_Aim of the exercise:_
Give the lines below again exactly, starting with the line that holds "バスタオル掛け バスタオルハンガー 約W65XD18XH74.5cm" and going on through the line that holds "Стеклянная награда C50-180".

### The records

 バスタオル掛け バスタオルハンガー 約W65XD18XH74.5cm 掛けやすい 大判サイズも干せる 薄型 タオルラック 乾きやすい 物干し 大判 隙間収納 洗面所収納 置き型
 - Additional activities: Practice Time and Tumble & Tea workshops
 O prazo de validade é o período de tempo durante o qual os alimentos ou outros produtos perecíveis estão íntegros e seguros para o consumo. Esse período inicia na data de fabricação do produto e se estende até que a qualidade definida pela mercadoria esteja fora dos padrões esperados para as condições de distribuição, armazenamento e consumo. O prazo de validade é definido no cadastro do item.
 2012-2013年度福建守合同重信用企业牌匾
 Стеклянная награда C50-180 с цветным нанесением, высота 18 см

######
### The records

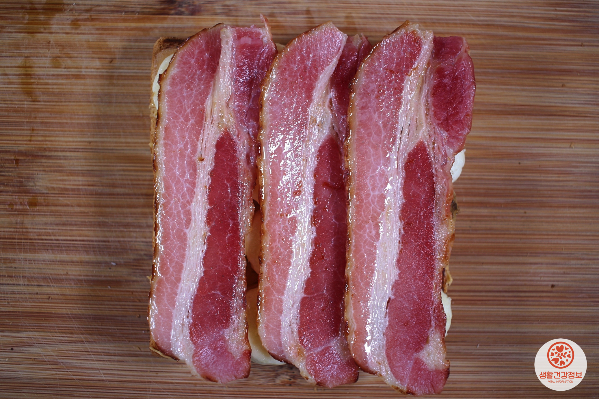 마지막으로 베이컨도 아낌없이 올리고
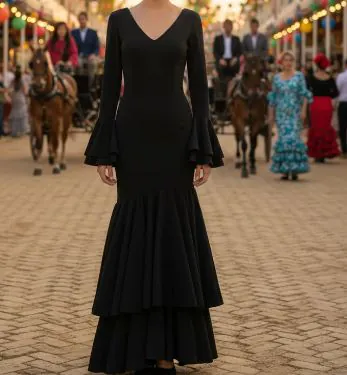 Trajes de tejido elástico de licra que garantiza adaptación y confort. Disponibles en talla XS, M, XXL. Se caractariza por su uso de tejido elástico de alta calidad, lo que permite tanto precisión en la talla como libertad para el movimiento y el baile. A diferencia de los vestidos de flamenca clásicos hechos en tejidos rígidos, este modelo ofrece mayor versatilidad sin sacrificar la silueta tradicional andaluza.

######
### The records

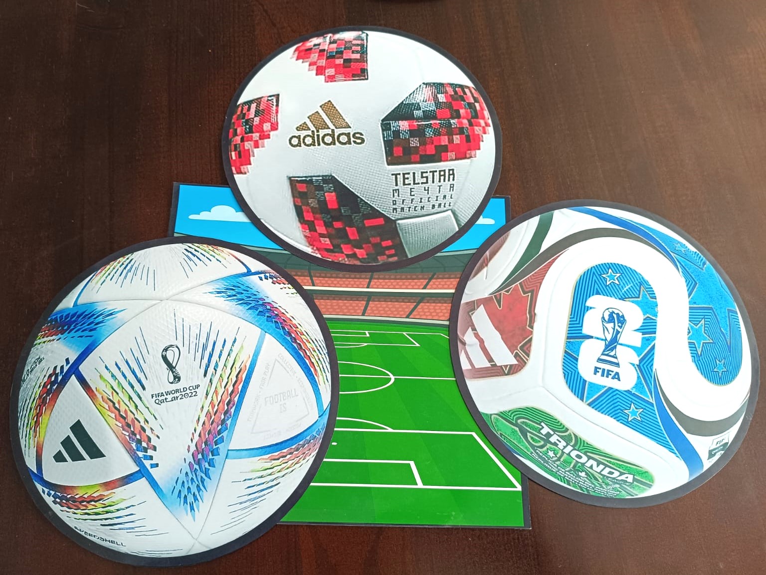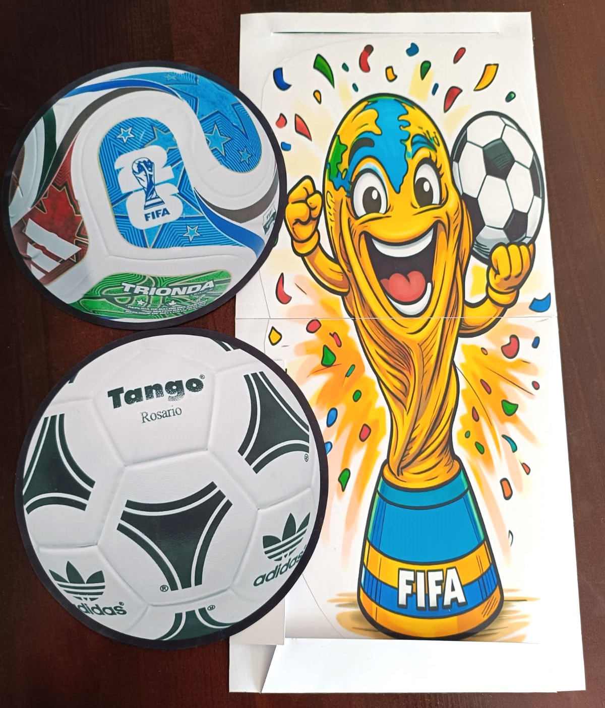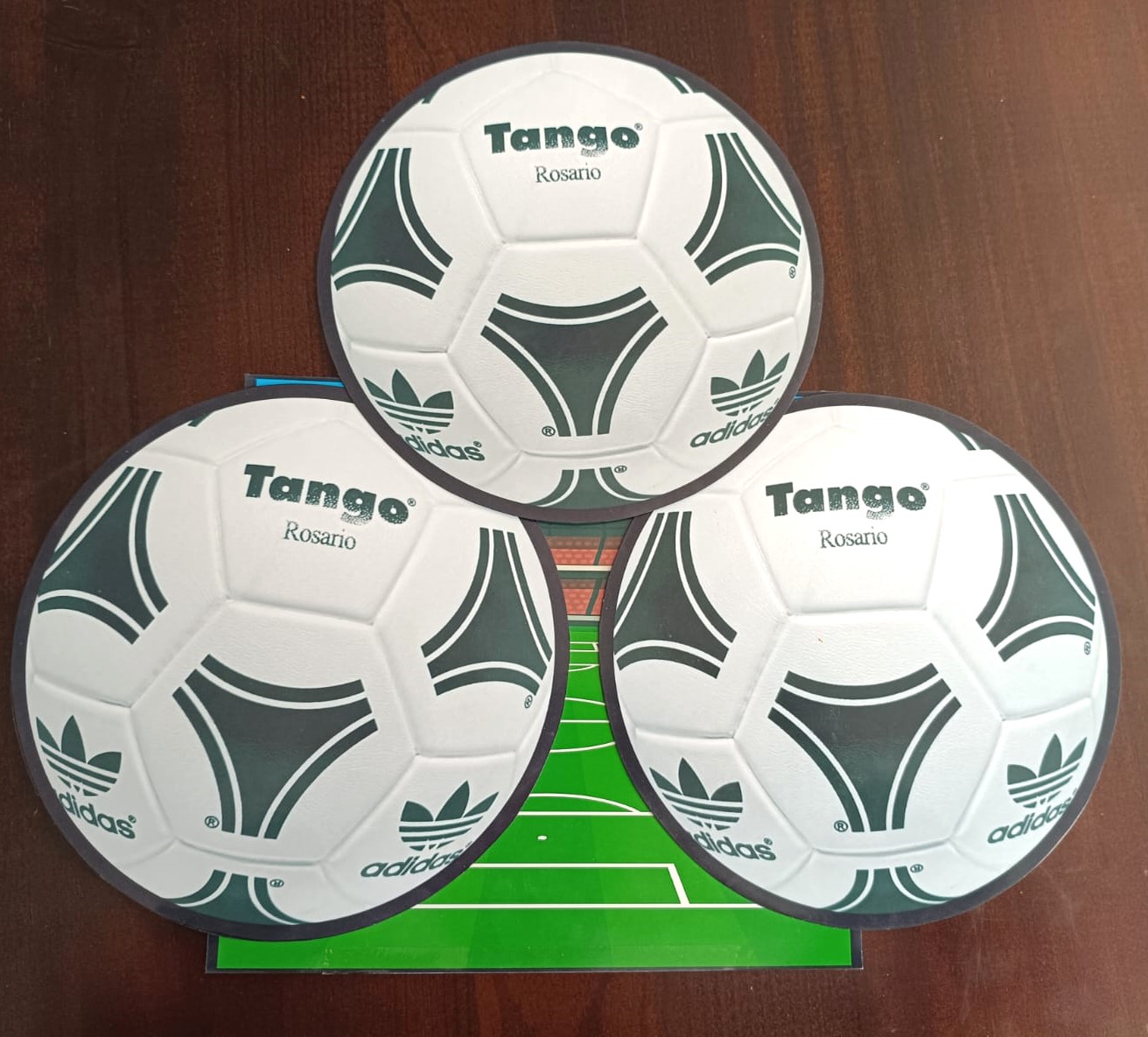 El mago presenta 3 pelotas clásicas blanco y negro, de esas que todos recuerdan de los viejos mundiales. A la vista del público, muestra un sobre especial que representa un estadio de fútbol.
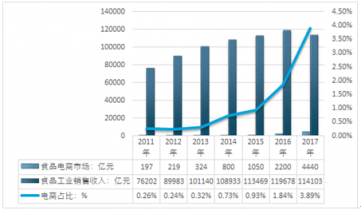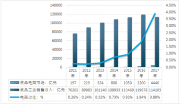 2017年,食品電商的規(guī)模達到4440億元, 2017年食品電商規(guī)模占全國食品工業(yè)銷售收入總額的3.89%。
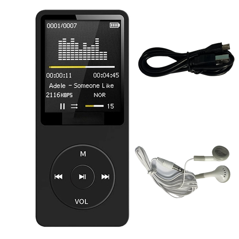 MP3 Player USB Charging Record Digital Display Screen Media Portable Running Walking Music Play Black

######

_Output of the exercise:_
 バスタオル掛け バスタオルハンガー 約W65XD18XH74.5cm 掛けやすい 大判サイズも干せる 薄型 タオルラック 乾きやすい 物干し 大判 隙間収納 洗面所収納 置き型
 - Additional activities: Practice Time and Tumble & Tea workshops
 O prazo de validade é o período de tempo durante o qual os alimentos ou outros produtos perecíveis estão íntegros e seguros para o consumo. Esse período inicia na data de fabricação do produto e se estende até que a qualidade definida pela mercadoria esteja fora dos padrões esperados para as condições de distribuição, armazenamento e consumo. O prazo de validade é definido no cadastro do item.
 2012-2013年度福建守合同重信用企业牌匾
 Стеклянная награда C50-180 с цветным нанесением, высота 18 см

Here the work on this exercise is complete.